A RNA velocity analysis of CM subclusters. B Latent Time of RNA velocity. Purple is time 0, yellow is time 1. C Gene expression dynamics of marker genes in each subcluster ordered along latent time inferred by RNA velocity analysis. Analysis shows that Tbx5 is associated with an earlier latent time and CM4 cluster. D Top: Plot of Tbx5 and Mef2c expression across pseudotime for each subcluster of CM. Both factors show expression in CM4 cells and at earlier pseudotime. Bottom: Violin plot of Tbx5 and Mef2c across CM subclusters. Factors are enriched in the CM4 cluster (boxed regions). E Left: Plot of CM4 markers Nppa and Sox5 expression across pseudotime from each subcluster of CM. Right: Violin plot of Nppa and Sox5 in CM1 and CM4 clusters. CM4 markers are enriched in PMIS-miR-200 samples. F Immunofluorescent stain of apical left ventricle sections, at E14.5, for Sox5 (Green) and Nppa (Red). PMIS-C and PMIS-AC hearts show clear enrichment of cell expression of both Nppa and Sox5 (yellow arrows). Four independent experiments were performed with each showing similar results. Scale bar = 25μm.

Fig. 6. ATAC-sequencing shows changes in the CM4 subcluster and changes in chromatin access near TFs.

A Visualization of ATAC-Seq reads of open chromatin around the Nppa locus in each of the CM subclusters. CM4 cluster has more open chromatin compared to other clusters (see arrow).

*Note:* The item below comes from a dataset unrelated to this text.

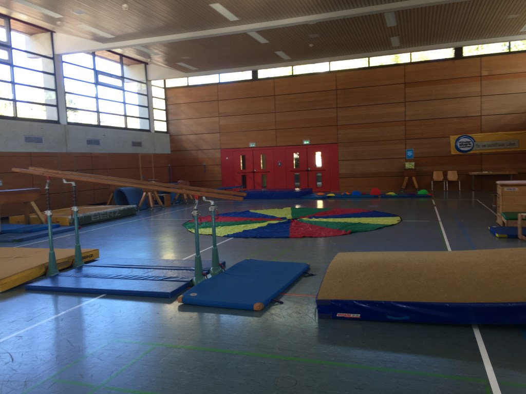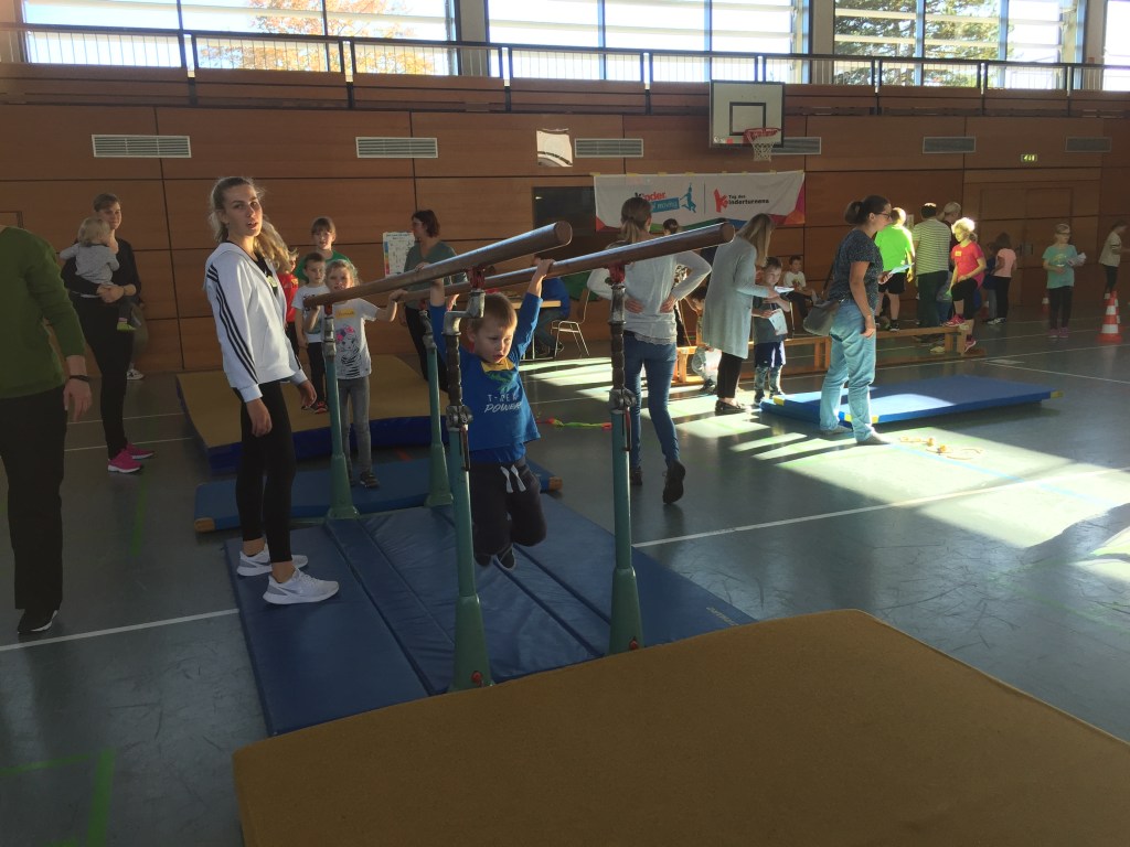 Der Rest der Turn- und Festhalle wurde für einen großen Parcours genutzt. Drüber und drunter – springen und hangeln – hier wurde jede Muskelpartie gefordert. Mit Unterstützung von Nele und Lena schafften auch die Kleinsten die beiden schwierigsten Stationen und nach einigen Durchgängen klappte es dann oft auch ganz alleine. Wer zwischendurch eine kleine Verschnaufpause brauchte, der versuchte sich an der Schätzfrage: „Wie viele Bälle befinden sich in der Box?“.

B Visualization of ATAC-Seq reads of open chromatin around the Nppa locus in the CM4 cluster from PMIS-miR-200 samples. The Nppa locus appears more open in PMIS-miR-200 samples compared to WT (see arrows). C Open chromatin of the CM4 cluster was analyzed for enrichment of TF binding motifs. Shown are the top 10 enriched motifs. Motifs are enriched for T-Box family members, with Tbx5 being the most enriched. D UMAP feature blot of RNA expression (Upper) and motif enrichment (chromVAR) (lower) for Tbx5, Mef2c, Gata4, and Nkx2.5. E Heatmap of enriched topics across the CM cell states. CM4 cells are enriched for Topic 9 which contains TBX5 as the topic ranked as a differentially enriched motif (Supplemenatary File 7). F Heatmap of the TFs predicted to bind enriched eRegulons regions based on RNA expression of the TFs. G Nppa-Luciferase activity in AC16 cells stably expressing PMIS-miR-200 or a non-targeting control (PMIS-Scramble) showing activation of the Nppa promoter in PMIS-miR-200 cells. The statistic test performed was one-way ANOVA with multiple comparisons. N = 4. Data are presented as mean values ± SEM.

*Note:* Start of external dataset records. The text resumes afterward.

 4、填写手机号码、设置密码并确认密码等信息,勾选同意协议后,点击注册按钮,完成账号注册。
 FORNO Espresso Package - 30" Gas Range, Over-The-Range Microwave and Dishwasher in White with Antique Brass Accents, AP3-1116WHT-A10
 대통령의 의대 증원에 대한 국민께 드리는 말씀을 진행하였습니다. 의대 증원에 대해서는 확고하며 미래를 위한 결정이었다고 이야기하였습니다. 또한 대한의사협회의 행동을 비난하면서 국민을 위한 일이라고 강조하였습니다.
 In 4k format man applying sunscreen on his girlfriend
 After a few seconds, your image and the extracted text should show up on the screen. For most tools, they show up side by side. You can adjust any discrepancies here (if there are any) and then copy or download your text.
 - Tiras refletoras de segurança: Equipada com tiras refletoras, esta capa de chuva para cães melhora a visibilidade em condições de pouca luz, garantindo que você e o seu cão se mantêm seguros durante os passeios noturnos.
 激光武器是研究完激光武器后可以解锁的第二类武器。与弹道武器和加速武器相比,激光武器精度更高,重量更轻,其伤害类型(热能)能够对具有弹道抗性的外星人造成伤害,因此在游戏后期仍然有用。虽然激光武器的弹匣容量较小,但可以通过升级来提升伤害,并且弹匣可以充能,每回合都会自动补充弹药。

Fig. 7. miR-200c regulates the TF Irx1 in CM4 cells.

A Functional testing of the miR-200c regulation site in the Irx1 3’ UTR. N = 4. B qPCR for Irx1 expression in PMIS-miR-200 E14.5 hearts and PMIS transduced AC16 cells. RNA was isolated from whole hearts of litter mates used for snMulti-Omics experiment. N = 3. C Immunofluorescent stain of apical left ventricle sections, at E14.5, for Irx1 (Green) and cTnT (Red). PMIS-C and PMIS-AC hearts show clear enrichment of Irx1 expression (yellow arrowhead). Scale bar = 25 μm. D Visualization of ATAC-Seq reads of open chromatin around the Irx1 locus in the CM4 cluster from each PMIS sample. The Irx1 locus appears more open in PMIS-C and PMIS-AC samples compared to WT. E Gene expression dynamics of marker genes in each subcluster ordered along latent time inferred by RNA velocity analysis. Analysis shows that Tbx5 is associated with an earlier latent time in the CM4 cluster. F Immunofluorescent stain of apical left ventricle sections, at E14.5, for Irx1 (white), Tbx5, and Nppa (red) and cTnT (green). PMIS-C and PMIS-AC hearts show co-localization of Irx1 and Tbx5 and Irx1 and Nppa in CMs (yellow arrowhead). Scale bar = 25 μm. The statistic test performed was one-way ANOVAwith multiple comparisons. Data are presented as mean values ± SEM. *p ≤ 0.05, **p ≤ 0.01, ***p ≤ 0.001.